Because sportswriters are never going to give bad metaphors the red card (see!?), one NY writer/serial philanthropist/over-satisfier-of-women is celebrating America's most self-indulgent scribes with a Tumblr that captures their deft analogies, similes, and other -ies: Sports Is Like. Because further explaining something you could easily read for yourself would be ridiculous, sit back and enjoy a smattering of the satire:

“Oh, there were some morsels Tuesday at media day. Scraps, if you will.”:

I will, as long as I know there aren’t any morsels. I would much rather have morsels than scraps, but if scraps are all there are, then I guess I’ll have to do without morsels. I don’t know. You tell me?

"But [Tayshaun] Prince doesn’t sound angry at his teammates or coach, or bitter about any of it. He is like a math prodigy who is waiting for the rest of the class to catch up.": Don’t math prodigies spend most of their time waiting for the rest of the class to stop beating the sh*t out of them for being math prodigies?

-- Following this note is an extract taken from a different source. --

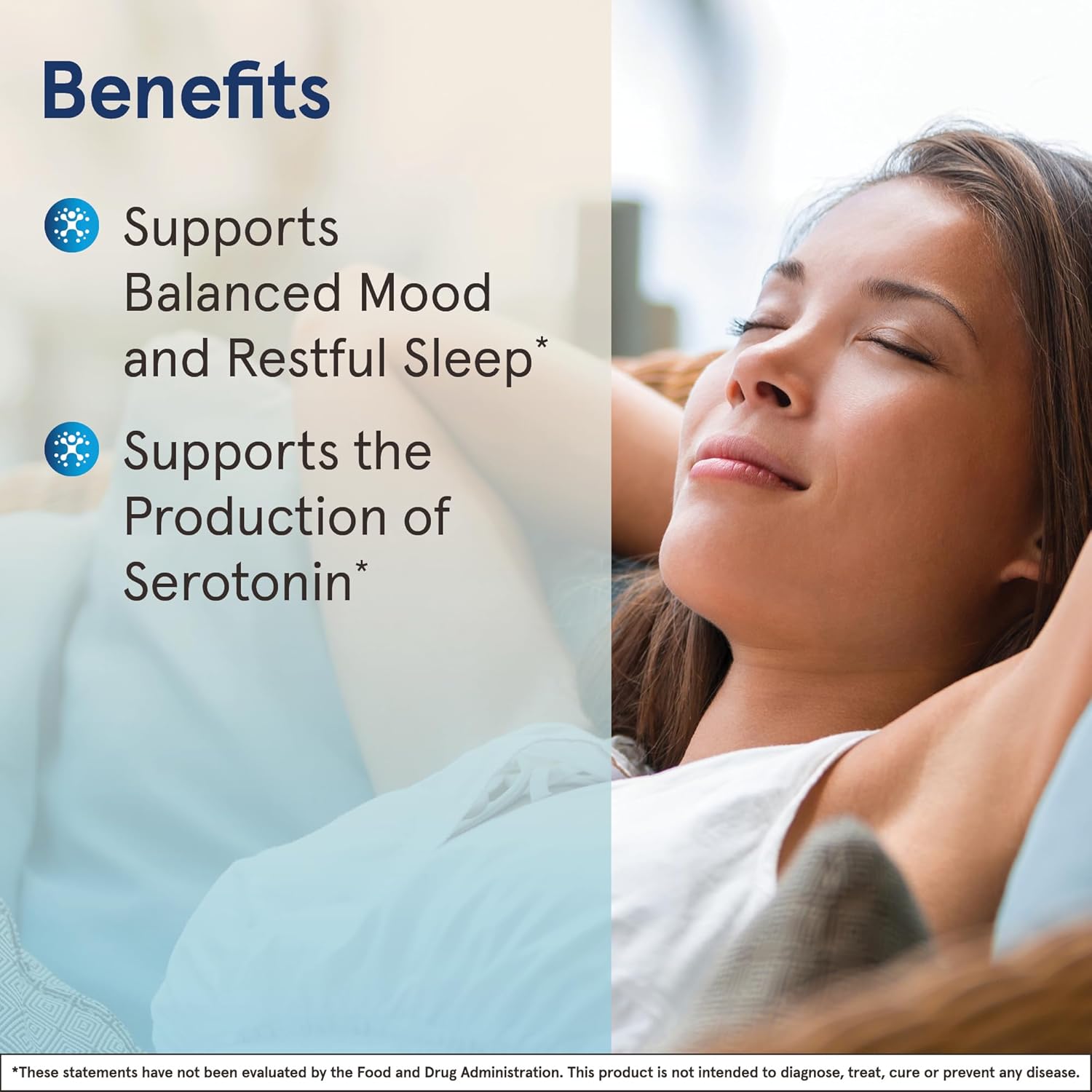 500 mg L-Tryptophan: Support a balanced mood and restful sleep with 500 mg of the essential amino acid L-Tryptophan in a convenient capsule(1)

"Rice is a 5-foot-8, 212-pound missile in the fog. Once he locates daylight, Rice is like tackling a bowl of soup, without the bowl.":

He seems to seep into the ground, where his rich broth nourishes such an abundance of plants that their leaves obscure the offensive backfield, much like a fog, from which his chunky bits (mostly steak, sausage, chicken, and chickarina meatballs) emerge like missiles, except it’s just one missile, because Ray Rice can only be in one place at a time, unless he’s soup, in which case there’s no bowl that can possibly hope to contain him.